The U.S. Fish and Wildlife Service and National Marine Fisheries Service finalized new rules today that restrict the ability of ordinary citizens, scientists and public-interest organizations to obtain Endangered Species Act protections for species on the brink of extinction. The new rules eliminate the ability of the public to submit multispecies petitions and require that 30 days prior to submitting a petition, the petitioner must notify every state where an imperiled species may live.

"These new restrictions on citizen petitions are nothing more than a gift to industries and right-wing states that are hostile to endangered species," said Brett Hartl, endangered species policy director at the Center for Biological Diversity. "These rules make it harder to get imperiled species the Endangered Species Act protections they desperately need, and they do nothing to address the backlog of hundreds of imperiled species that are still waiting to get the protections they deserve."

The Endangered Species Act expressly allows citizens to petition for species' protection. Scientific research confirms that citizen petitions routinely identify species at the highest risk of extinction, and the majority of the protections given to 1,600 species to date have been in response to citizen petitions. The filing of a petition triggers what is supposed to be a two-year process that includes three public-comment periods. Unfortunately the Fish and Wildlife Service routinely violates this legal requirement, often taking more than a decade to complete the process. Delays in protection of species have had significant consequences, with more than 40 species having gone extinct while waiting for protection.

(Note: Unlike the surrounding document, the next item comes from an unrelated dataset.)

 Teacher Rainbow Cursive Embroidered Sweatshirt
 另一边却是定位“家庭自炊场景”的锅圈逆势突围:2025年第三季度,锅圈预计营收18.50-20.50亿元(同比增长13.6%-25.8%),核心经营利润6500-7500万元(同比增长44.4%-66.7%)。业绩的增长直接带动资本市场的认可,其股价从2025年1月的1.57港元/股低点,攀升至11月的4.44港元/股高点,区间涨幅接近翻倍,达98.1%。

"These new rules were premised on right-wing myths, not facts," said Hartl. "The Endangered Species Act already requires a lengthy comment process that gives states additional privileges and multiple opportunities to provide input on the status of imperiled species. These rules are specifically intended to intimidate ordinary citizens by making it more cumbersome for them to seek protection of our imperiled plants and animals."

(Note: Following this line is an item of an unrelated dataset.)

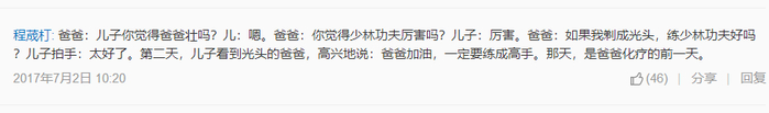 儿子看到光头的爸爸,高兴地说:爸爸加油,一定要练成高手。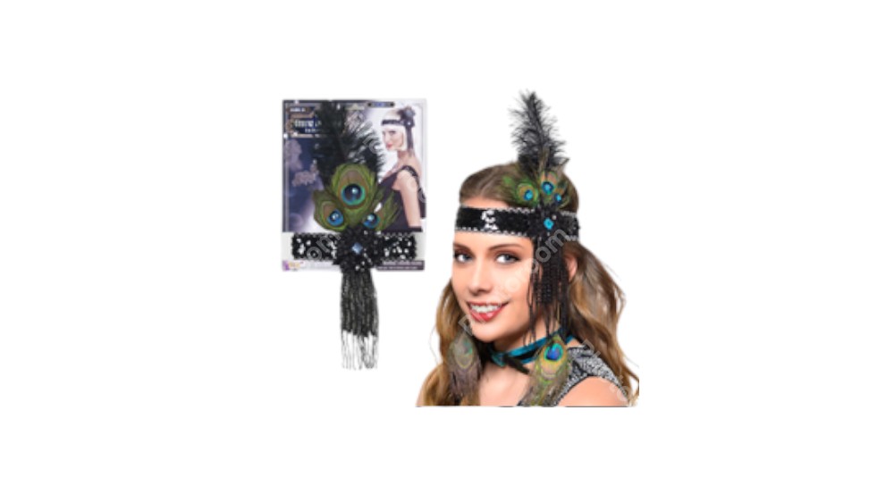 סרט ראש מעוצב נוצה צרלסטון עם יהלום על כארד מיקס צבעים שחור זהב וכסף

Today's rule is one of the last in a series of new regulations that have limited the scope of the Endangered Species Act, solidifying the Obama administration's record as no friend of endangered species. Other administration policies have limited protections for endangered species' critical habitat; limited which species get protection in the first place; and given federal agencies carte blanche to harm endangered species by ignoring the cumulative impacts of agency activities.

"It will take many years to do undo the larger damage to the Endangered Species Act that this administration has wrought, and to get those animals and plants that were wrongly denied protection onto the endangered species list," said Hartl.

At the Center for Biological Diversity, we believe that the welfare of human beings is deeply linked to nature — to the existence in our world of a vast diversity of wild animals and plants. Because diversity has intrinsic value, and because its loss impoverishes society, we work to secure a future for all species, great and small, hovering on the brink of extinction. We do so through science, law and creative media, with a focus on protecting the lands, waters and climate that species need to survive.